I didn’t think that I would be healed right away from this. I know it takes longer than four days to get over someone that you cared about. It takes time to accept the reality of the situation. But I need to tell myself that this isn’t fully my fault. Because, well, it isn’t.
He said when we broke up that it wasn’t much of a “fault” issue. Which, it isn’t. But what I still don’t understand is WHY did he let it get to this point? Why did he never communicate that there were issues? WHY is he worried about things that won’t happen for years to come? Questions that I will never receive answers to, but my mind still wonders why. Why, why, why.
In the beginning, I asked myself where I went wrong. I asked this even before we broke up. The few weeks of lessened communication, where he didn’t speak to me much. Now, that ‘I’ has changed to ‘it’, in terms of where the relationship went wrong. Was it because of the fact that we were on different levels? Was it the lack of communication?
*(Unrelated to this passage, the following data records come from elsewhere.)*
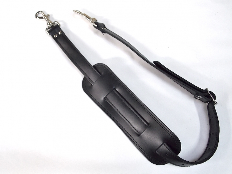 Bandoulière en cuir avec patte d'épaule en cuir. Reglage multiple par boucle en métal. 2 mousquetons nickelés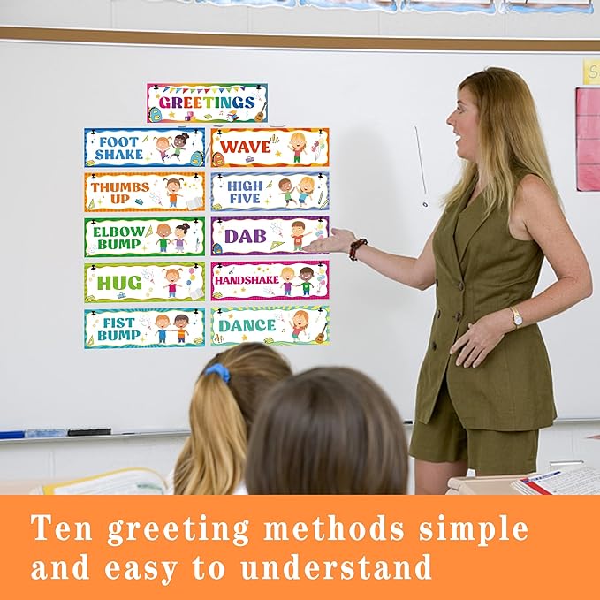 Wehhbtye Greeting Choice Classroom Rules Posters,Social Greeting Poster,Classroom Must Haves Poster for Teacher Supplies and Preschool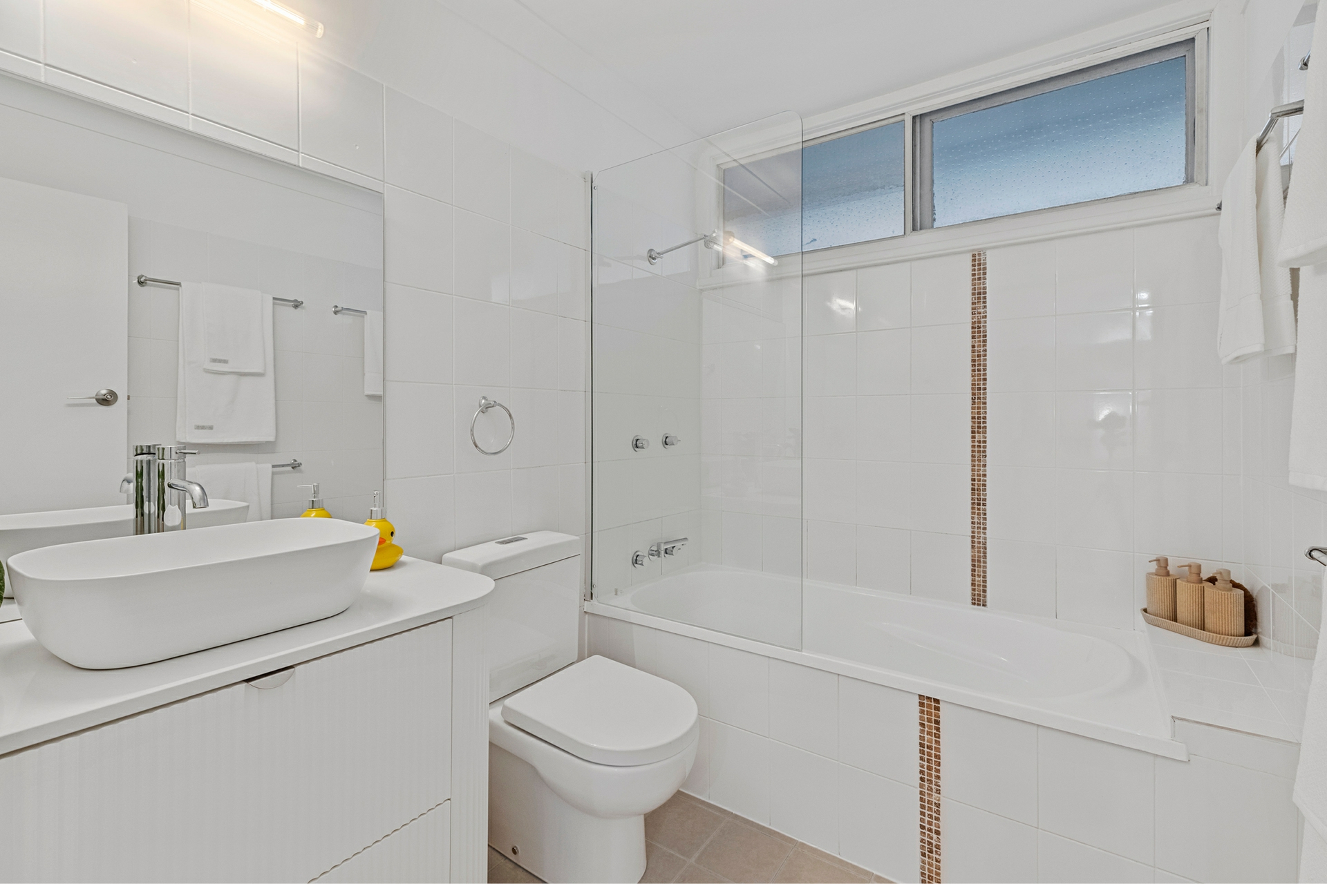 The kitchen offers excellent functionality and generous workspace, featuring electric cooking appliances, a dishwasher and classic subway tile splashback. It connects easily with the living and dining zones, making everyday living and entertaining effortless.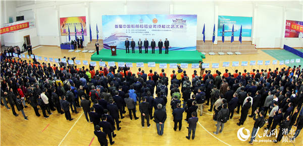 人民网武汉11月20日电 11月19日,首届中国船舶检验业务技能比武大赛在武汉开幕。来自全国各地船舶检验机构、中国船级社等56支代表队和来自国外的美国船级社、法国船级社等12家世界著名船级社,共计300余名注册验船师参加比赛。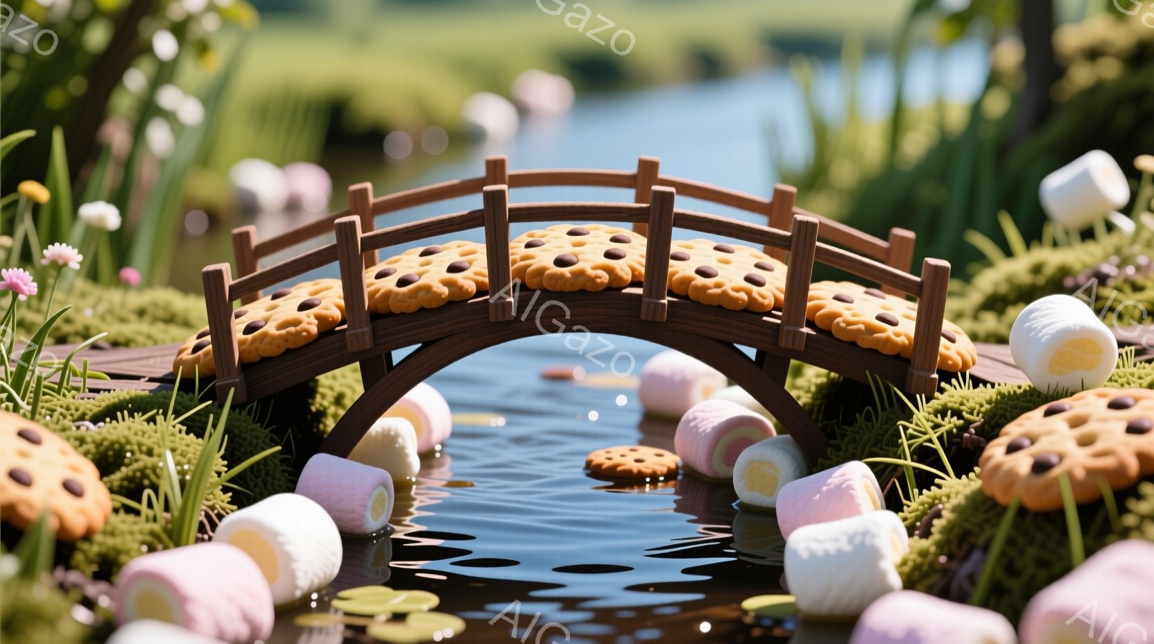 チョコレートチップクッキーが二つ、茶色い川の上を橋のように渡っている様子が写っている。川岸にはマシュマロや小さな花が点在し、背景は緑豊かな草地で、全体的に夢のような、お菓子がテーマのファンタジーな雰囲気が漂っている。水面には光が反射し、幻想的な光景を演出している。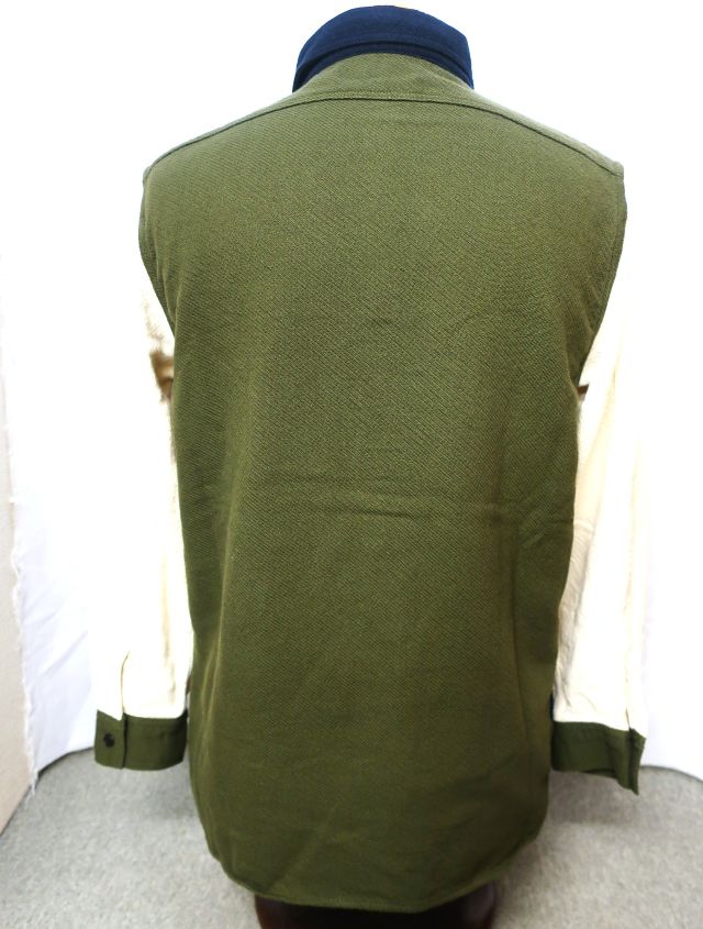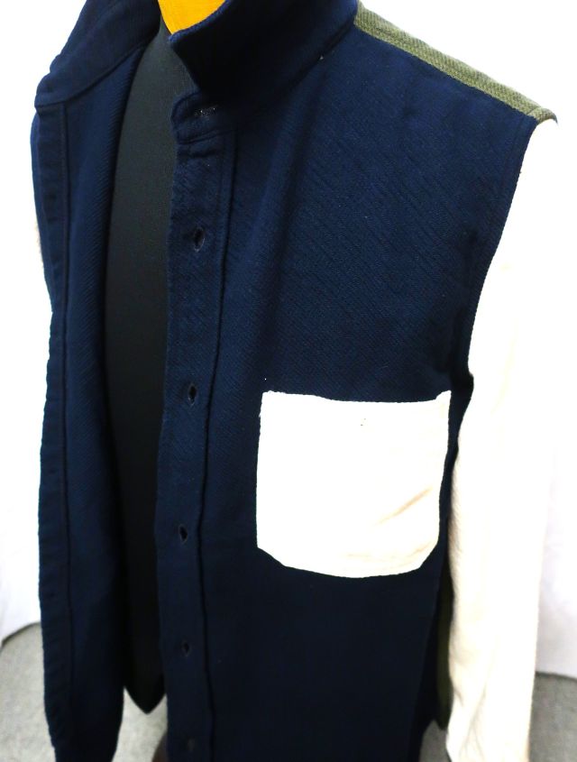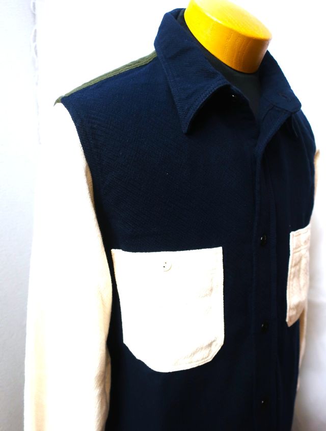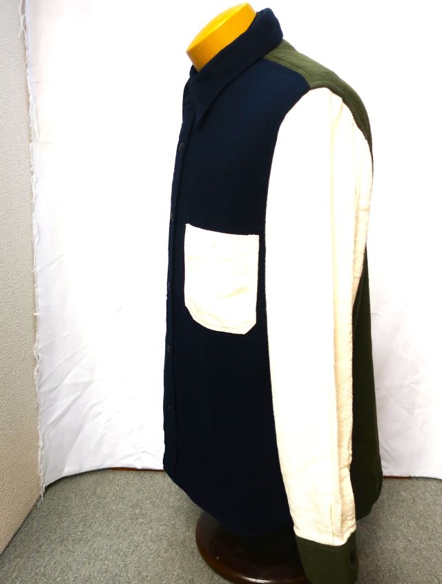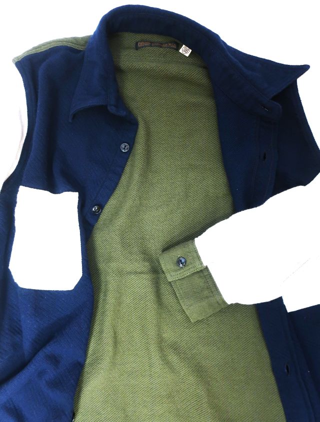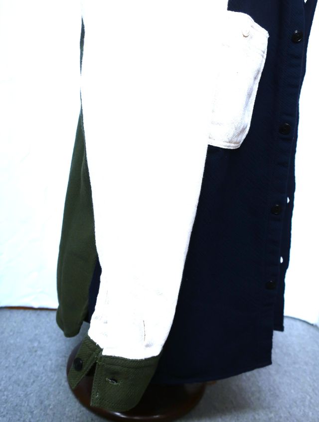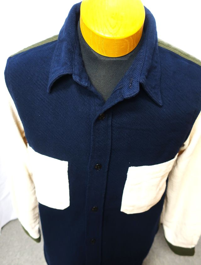 トリプルヤーンの無地ネルをピーターマックスにインスピアされ、クレイジーに配置したワークシャツ。ミリタリーカラーでシンプルな仕上りです。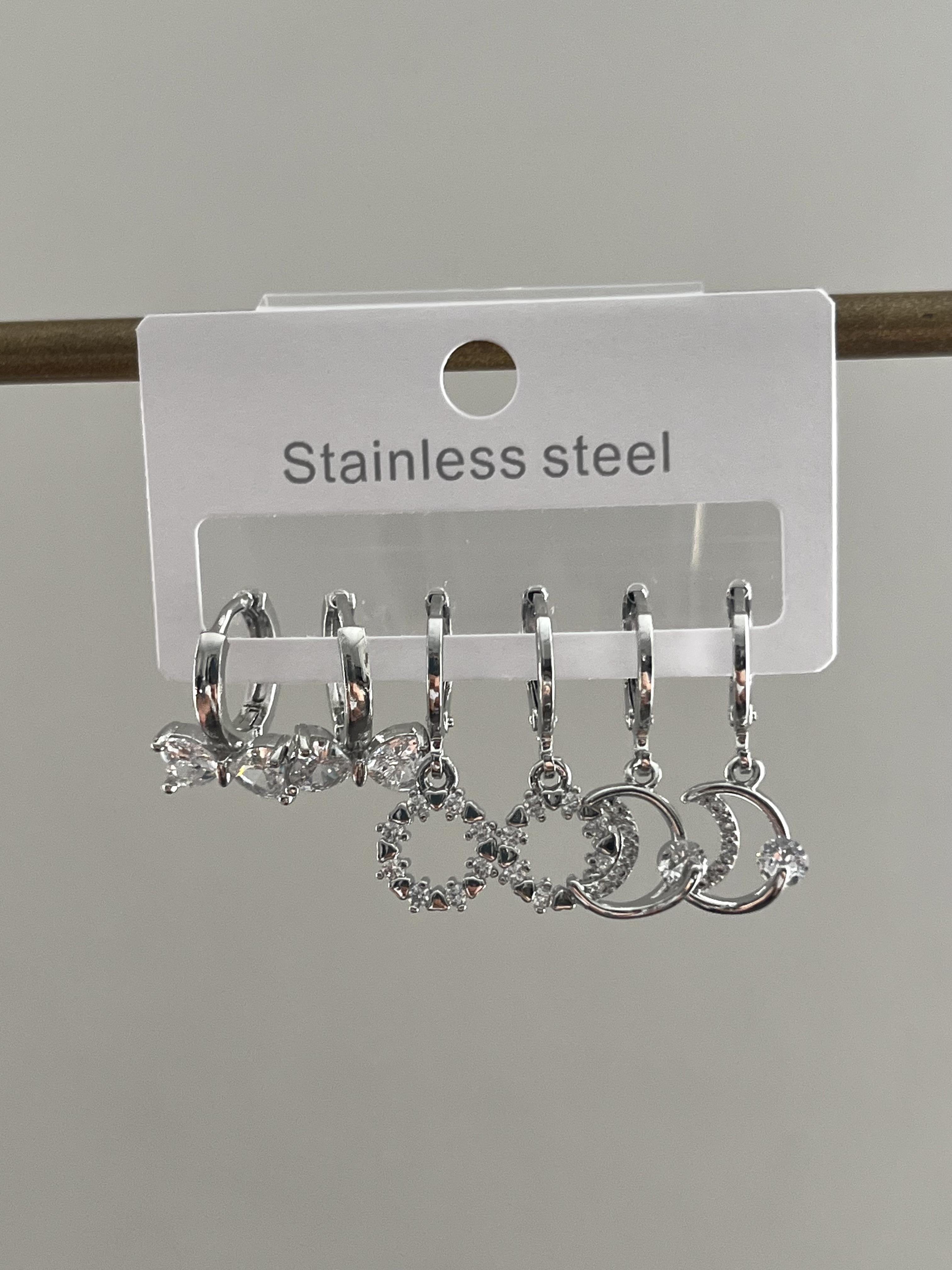 Çelik 6’lı Silver Taşlı Ay Küpe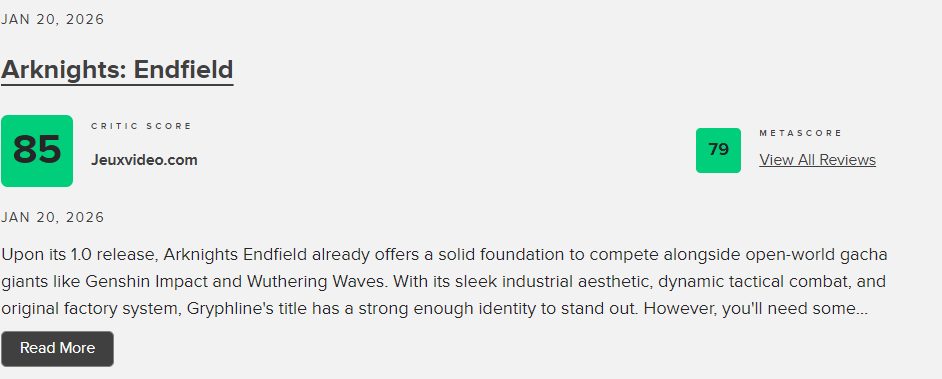 《明日方舟:终末地》媒体评分解禁:MC均分79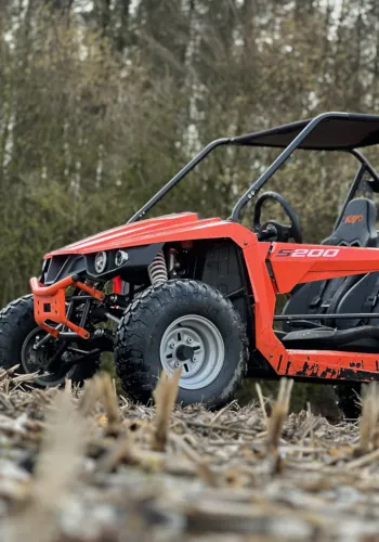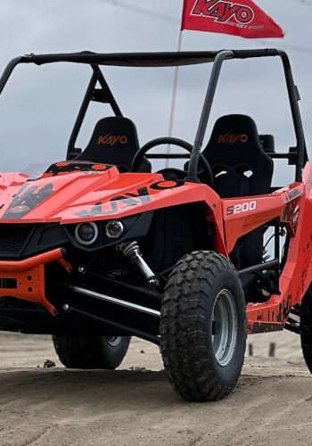 Marzysz o niedrogim, pełnowymiarowym buggy? Szukasz emocji i latania bokiem po polnych drogach? Poznaj się z buggy KAYO S200! Niech nie zmyli Cię niewielka pojemność tego side-by-side. Zastosowanie szpery zamiast mechanizmu różnicowego sprawi, że z uśmiechem na ustach będziesz zakładać kontry podczas uślizgów. Nieskomplikowany (czyli także tani w eksploatacji!) silnik ma wystarczająco dużo mocy, by świetnie się bawić. O bezpieczeństwo dba stalowa klatka, półdrzwi i 4-punktowe pasy bezpieczeństwa. Kubełkowe fotele możesz regulować, tak samo jak kierownicę. Nic, tylko jeździć!

I mean, there are a myriad of reasons as to why this happened. But I am again presented with a crossroad:
Do I keep asking myself for answers? Or do I just move forward?
I used to have a theory. When I was younger, I felt that for every month that you dated someone, it took double the time to get over them. I mean, I dated one guy off and on for a year and a half..and the total time together probably equated to eight or nine months. And it took me from January of ‘09 to April of ‘10 to finally get over it..which is about double the time that I dated him. So if this is the case…if I dated my ex for ten months, I need to HOPE that it doesn’t take almost two years.
It also hurts, because, I never told him this, but there were some things that I had lost trust on. All the stories. All of the internships that he blew off for one thing or another. Why he never got a job. And why if he got two internships in Orlando in January/February of 2011, why did he wait until April, when the internships supposedly started, to look for jobs and apartments? I tried giving him the benefit of the doubt, but I was torn. Absolutely torn.
So, while I’ve accepted that I’ll never get my answers, and accepted that it’s over, I’m still sad. And I also wonder why if he WANTS to be friends with me hasn’t he contacted me yet? I’m confused.
But, alas, it’s been four days. And I know that I will be okay.